I think the fastest and least-code way would be to transform the txt to xml and then use Linq2Xml to select from it. Here's a link.
Edit: That might be more work than you'd like to do. Another option is to create a class called AcademicRecord that has properties for the persons name gender etc. Then when you read the file, add to a List for each line in the file. Then use a Sort predicate to sort the list; the highest record would then be the first one in the list. Here's a link.

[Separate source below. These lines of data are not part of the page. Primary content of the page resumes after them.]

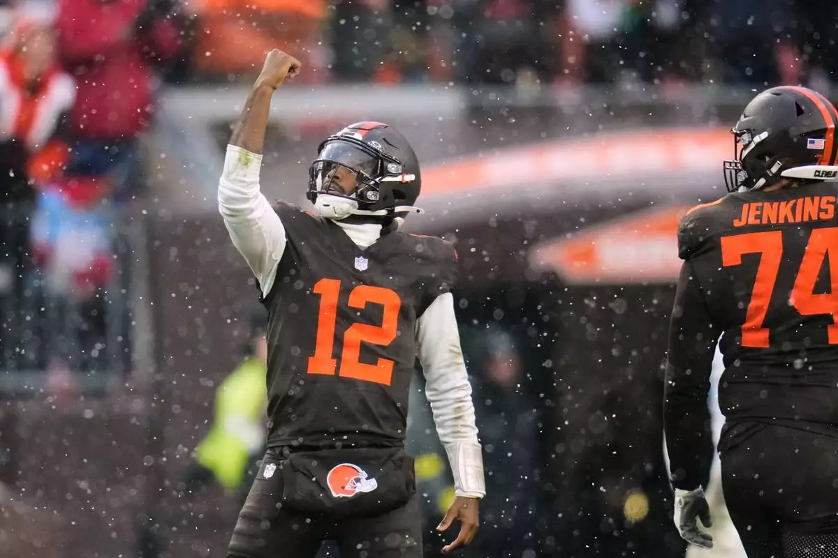 Cleveland Browns' Shedeur Sanders (12) and Teven Jenkins (74) celebrate a touchdown in the first half of an NFL football game against the Tennessee Titans in Cleveland, Sunday, Dec. 7, 2025. (AP Photo/Sue Ogrocki)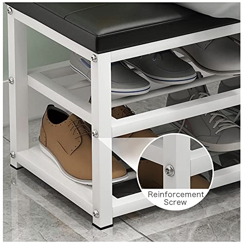 Scarpieras Ingresso con Seduta Portascarpe Salvaspazio Struttura in Metallo, Cassapanca Dimensioni 90x45x30cm, Panca Scarpiera per Soggiorno Camera da Letto Corridoio (Bianco)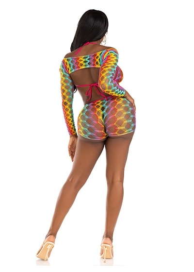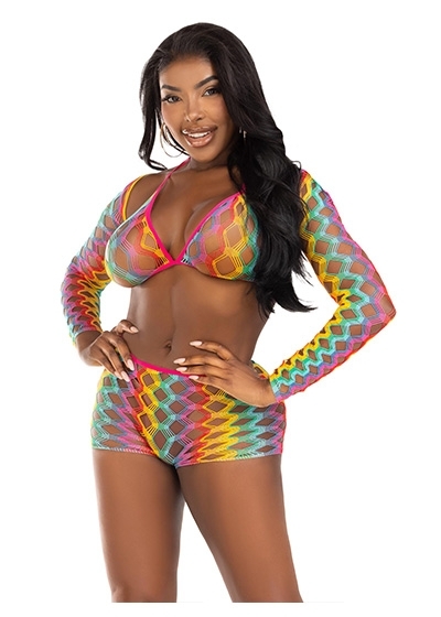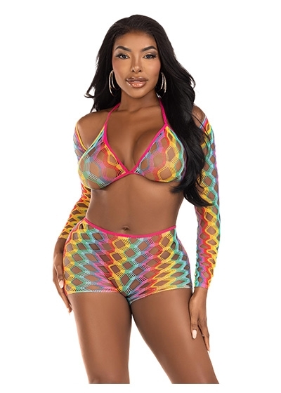 Show off your true colors in the vibrant 3 piece rainbow lingerie set by Leg Avenue. Featuring a stunning array of colors, this hot lingerie look features a wide net bra top with convertible halter straps, long-sleeved shrug, and curve- hugging boy shorts. Turn heads in and out of the bedroom, this daring look is perfect for pride, rave clothing, and festival outfits.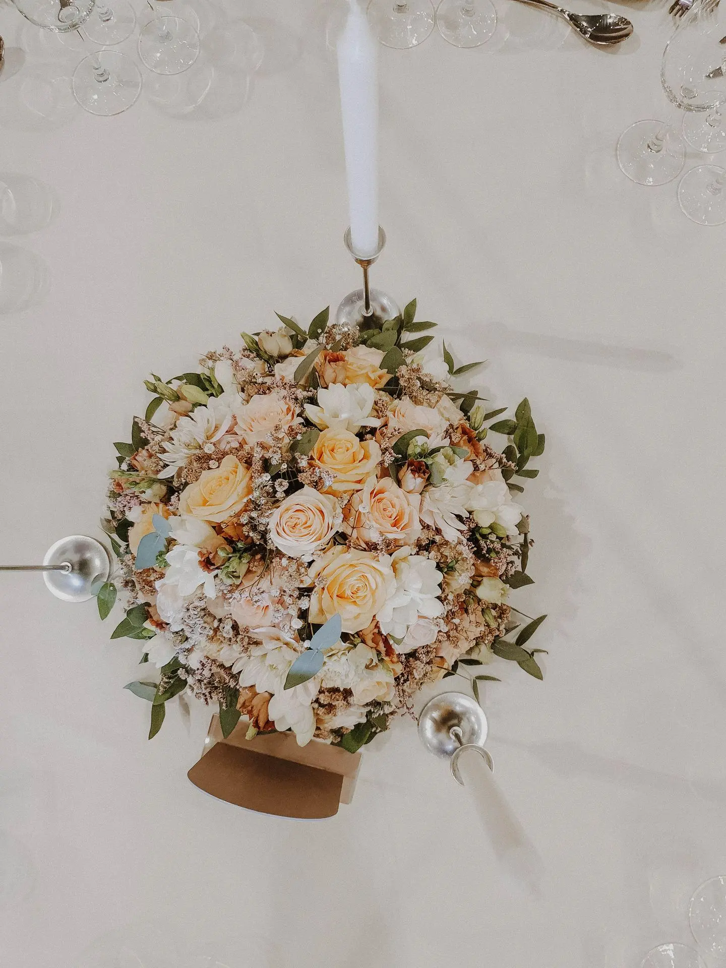 Les centres de table, également fleuris, apportaient couleur et légèreté, sublimant l’ensemble et créant une ambiance raffinée, chaleureuse et accueillante pour cette journée mémorable.

Your assignment might have different requirements, but if you only want to get "best male name and grade" from a file you described, a compact way is:
public String FindRecord()
{
String[] lines = File.ReadAllLines("MyFile.csv");
Array.Sort(lines, CompareByBestMaleName);
return lines[0];
}
int SortByBestMaleName(String a, String b)
{
String[] ap = a.Split();
String[] bp = b.Split();
// Always rank male higher
if (ap[1] == "m" && bp[1] == "f") { return 1; }
if (ap[1] == "f" && bp[1] == "m") { return -1; }
// Compare by score
return int.Parse(ap[2]).CompareTo(int.Parse(bp[2]));
}
Note that this is neither fast nor robust.